Before their re-election in September, the Liberals unveiled a hefty federal budget that allocated more than $100 billion in spending to guide the economic recovery. However, critics, including David Dodge, the former Bank of Canada governor, said too little of the spending was directed at initiatives that would make the economy more competitive. Instead, Freeland focused on redistribution, expanding the deficit to bolster COVID emergency benefits and fund various pet projects that will have little impact on the trajectory of the economy.
Leach’s report offers a path that policy-makers could take if they want to boost the country’s potential growth rate. Leach selected six “pillars” for a growth-oriented policy agenda, including an approach to innovation that favours firms that have a realistic opportunity to scale.
Despite “above average” government support in recent years, Canadian businesses consistently invest less in research and development than their international peers, suggesting current approaches to industrial policy need to be rethought, the report said. The transition to a green economy is an obvious place to focus, and Canada could become a leader if governments concentrated their spending on programs that reduce carbon emissions, as well as clarify their climate policies so regulatory uncertainty doesn’t act as a barrier to investment, the report said.

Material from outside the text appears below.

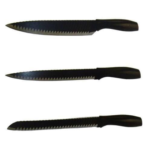 Kit 3 facas inox antiaderente austrália carne cozinha e pão Lâmina ondulada e antiaderente de 20,5cm que trará praticidade e beleza rm sua cozinha
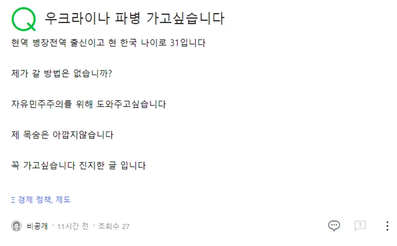 네이버 지식인의 한 작성자는 '우크라이나로 파병을 가고 싶다'는 제목의 글을 게재했다.

Another pillar is the digital economy. Data assets are becoming more important as services move online. Canada should forge trade agreements that address barriers to international trade in digital services, and it should guard against homegrown intellectual property being vacuumed up by international technology behemoths, the report said.
Taxes play an important role in competitiveness, yet the federal government hasn’t reviewed tax policy since 1967. Leach called on Parliament to conduct a new review, with a focus on reducing breaks for special interests so personal rates could be lowered to make Canada more attractive to international talent.
“It’s not going to be easy,” Leach said. “We’re going to have to get a bunch of things right.”